Пропаганда усилилась. В пользу поэтов-иронистов высказалась критик Лиля Панн, изобретшая термин «гудзонская нота». Напоминания о гениальности этой двоицы капали мне на голову, как вода в камере пыток. Русского литературного расклада я не знал. Опирался на собственный вкус. Если я плачу деньги, то имею на это право.

— То ли там духовности нет вообще, то ли, наоборот, ее слишком много, — объяснял я свою позицию разным представителям творческой интеллигенции. — Но не штырит. Меня не штырит.

— Они сейчас самые известные в России! — сорвался как-то Вайль.

— Мы не в России, — ответил я. — И все эти искажения литературной действительности нам придется когда-нибудь исправлять. Поэзия ельцинского призыва уже сейчас требует тщательного пересмотра.

Я вспомнил, что когда-то не любил и не понимал поэзии Бродского. А потом вдруг что-то просек и полюбил на всю жизнь. Может быть, и с этими авторами произойдет то же самое?

Приглашения мы набрали на компьютере в офисе радио «Свобода». Ударили по рукам. Один поэт должен был остановиться у Пети, другой — у меня. Когда у Кибирова случились осложнения с получением визы, к делу подключился Бродский — похлопотать о ней в Госдепе. Американцы сдуру приняли мирного осетина за террориста.

Перед приездом высоких гостей ко мне из Юты на каникулы прилетела дочка Ксении Иосифовны — Александра. Мы поднялись на Эмпайр-стейт-билдинг, на статую Свободы, покатались на колесе обозрения на Кони-Айленде. Я был увлечен общением с ребенком и, когда мы с Петей отправились встречать знаменитостей в аэропорт, взял Сашеньку с собой.

У метро, где была назначена встреча, Вайль зло зыркнул на меня:

— Как мы поместимся в такси?

Петя считал, что из соображений гостеприимства такси предпочтительней. Он еле уговорил водителя усадить четверых человек на заднее сиденье и по возвращении взял с меня двадцатку за перегруз. Деньги я тут же отдал — девать Сашеньку мне было некуда. На Вашингтон-Хайтс, в гостях у Пети, мы взялись пить водку и закусывать. Поэты вспоминали общих знакомых.

— Эта штормовочка у меня от Леши Цветкова, — говорил Гандлевский.

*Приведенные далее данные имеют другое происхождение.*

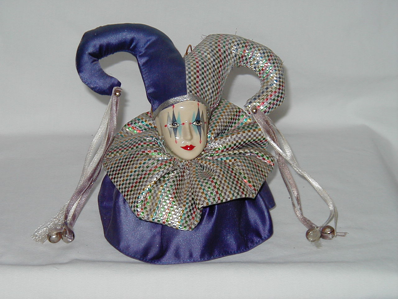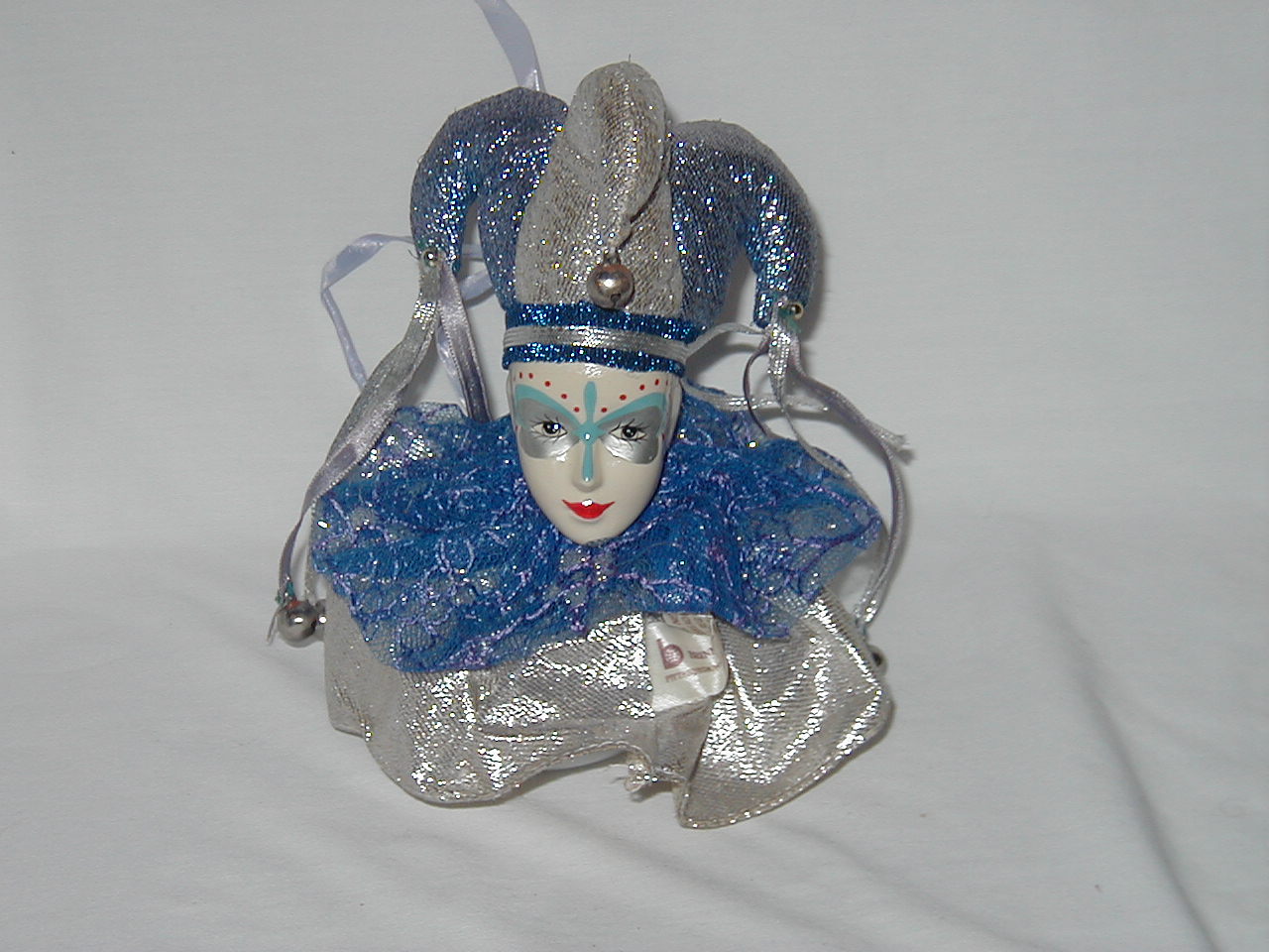 Brinn's Carnival Lady (Head) Blue and Silver with Three Pointed Hat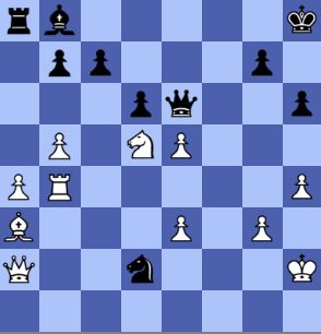 Nach 31.Sxh5! Df8 32.Dh7+ Ke8 33.Sf6+! dauerte die Partie nicht mehr lange: 1:1!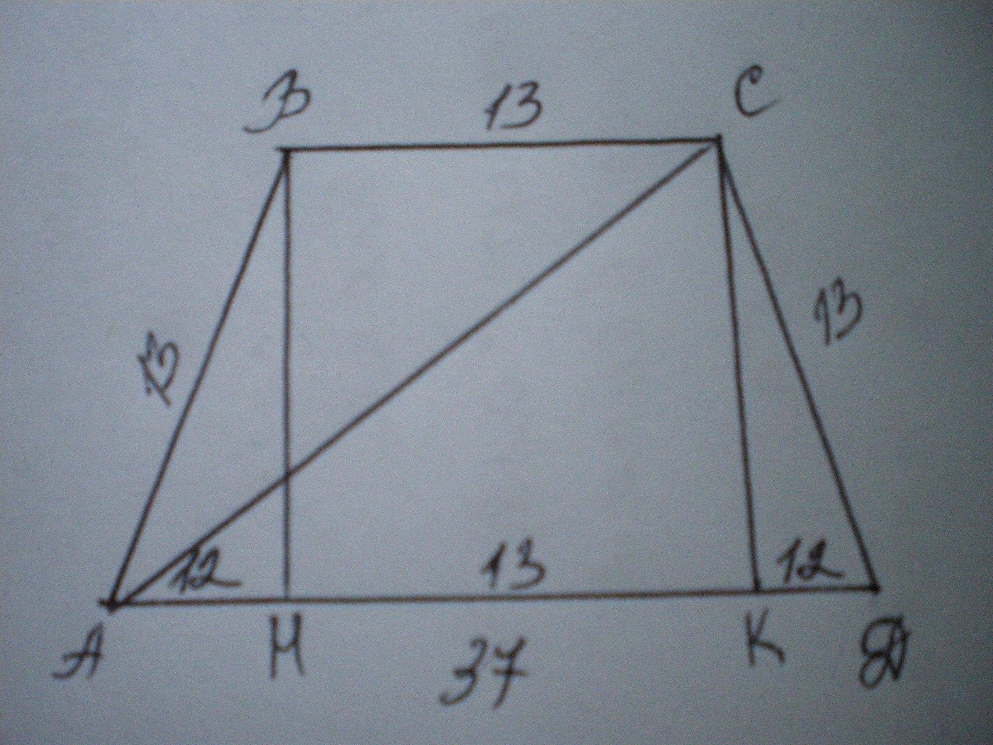 У рівнобічної трапеції ABCD основи якої дорівнюють 13 см і 37 см діагональ гострого кута ділить його навпіл Знайдіть площу трапеції

— А этот ремень подарил мне Бахыт, — поддакивал Кибиров.

— Кепки Бродского нужны? — спрашивал я. — Я знаю одну даму из Амстердама, которая спиздила во время фестиваля его пальто. Секс имеет причудливые формы.

Поговорили о кино. Сила в Голливуде, считал Вайль. Всё — и хорошее и плохое — делается здесь. Я пенял на Европу, верил в кинематограф освобожденной Польши и Литвы, но звучал неубедительно. Времена итальянского неореализма прошли, новых французских комедий за последние десятилетия не появилось.

— Все равно Бельмондо круче любого Аль Пачино. А Моника Беллуччи красивей Лоллобриджиды.

— Не обижайтесь, Вадим. На вещи надо смотреть объективно.

— Вы видели работы Робертаса Вербы[81]? — продолжал настаивать я. — Такой кадр американам и не снился.

С настороженностью мы узнали, что вечер в Хобокене будет вести ортодоксальный Юрий Милославский.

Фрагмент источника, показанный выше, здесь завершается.